### PROBLEM TO WORK ON
Please reproduce the entries below exactly from the line with "The top three" through their last line, leaving out any pictures.

### RECORDS
---
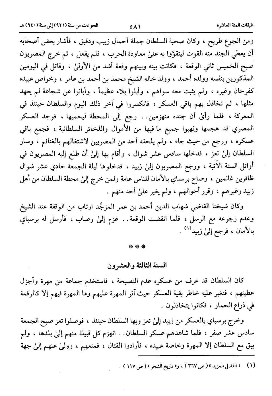 ومن الجوع طريح، وكان صحبة السلطان جملة أحمال زبيب ودقيق، فأشار بعض أصحابه أن يعطي الجند منه القوت ليتقوّوا به على معاودة الحرب، فلم يفعل، ثم خرج المصريون صبح الخميس ثاني الوقعة، فكانت بينه وبينهم وقعة أشد من الأولى، وقاتل في اليومين المذكورين بنفسه وولده أحمد، وولد خاله الشيخ محمد بن أحمد بن عامر، وخواص عبيده كفرحان وغيره، ولم يثبت معه سواهم، وأبلوا بلاء عظيما، وأبانوا عن شجاعة لم يعهد مثلها، ثم تخاذل بهم باقي العسكر، فانكسروا في آخر ذلك اليوم والسلطان حينئذ في المعركة، فلما رأى أن جنده منهزمين .. رجع إلى المحطة ليحميها، فوجد العسكر المصري قد هجمها ونهبوا جميع ما فيها من الأموال والذخائر السلطانية، فجمع باقي عسكره، ورجع من حيث جاء، ولم يلحقه أحد من المصريين لاشتغالهم بالغنائم، وسار السلطان إلى تعز، فدخلها سادس عشر شوال، وأقام بها إلى أن طلع إليه المصريون في أوائل السنة الآتية، ورجع المصريون إلى زبيد، فدخلوها ليلة الجمعة حادي عشر شوال ظافرين غانمين، وصاح برسباي بالأمان للناس عامة ولمن خرج إلى محطة السلطان من أهل زبيد وغيرهم، وقرر أحوالهم، ولم يغير على أحد منهم.
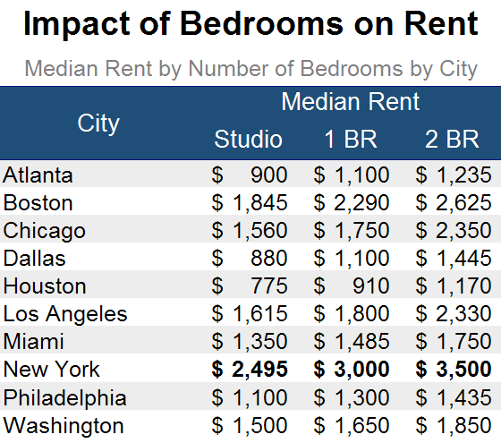The top three most expensive cities remain the same across all categories, but on the other end of the spectrum there are some differences. While Atlanta, Houston, and Dallas has similar one-bedroom pricing, Dallas has a higher pricing for two bedrooms.
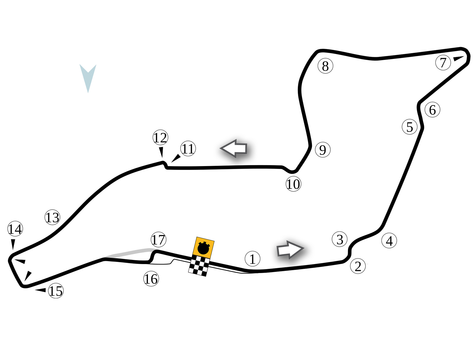 Trať je unikátní tím, že se jako jedna z mála jede proti směru hodinových ručiček. Recept na dobrý čas vyžaduje razantní přejíždění obrubníků, což přináší riziko poškození pneumatik. Velkou výzvou pro jezdce je zatáčka Variante Alta, která rozhoduje o čase dosaženém ve druhé polovině okruhu.
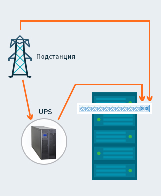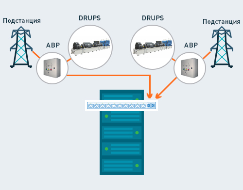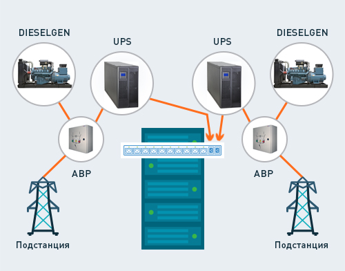 Электропитание в современных ЦОД обычно обеспечивается 2 независимыми вводами, каждый из которых защищён своими источниками бесперебойного питания ИБП (UPS) и дизель-генераторными установками ДГУ (Dieselgen) или дизельными роторными ИБП системами ДРИБП (DRUPS).
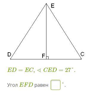 угол EFD равно 90°, так как EF по рисунку является высотой треугольника DEC
---
### EXERCISE ANSWER
The top three most expensive cities remain the same across all categories, but on the other end of the spectrum there are some differences. While Atlanta, Houston, and Dallas has similar one-bedroom pricing, Dallas has a higher pricing for two bedrooms.
 Trať je unikátní tím, že se jako jedna z mála jede proti směru hodinových ručiček. Recept na dobrý čas vyžaduje razantní přejíždění obrubníků, což přináší riziko poškození pneumatik. Velkou výzvou pro jezdce je zatáčka Variante Alta, která rozhoduje o čase dosaženém ve druhé polovině okruhu.
 Электропитание в современных ЦОД обычно обеспечивается 2 независимыми вводами, каждый из которых защищён своими источниками бесперебойного питания ИБП (UPS) и дизель-генераторными установками ДГУ (Dieselgen) или дизельными роторными ИБП системами ДРИБП (DRUPS).
 угол EFD равно 90°, так как EF по рисунку является высотой треугольника DEC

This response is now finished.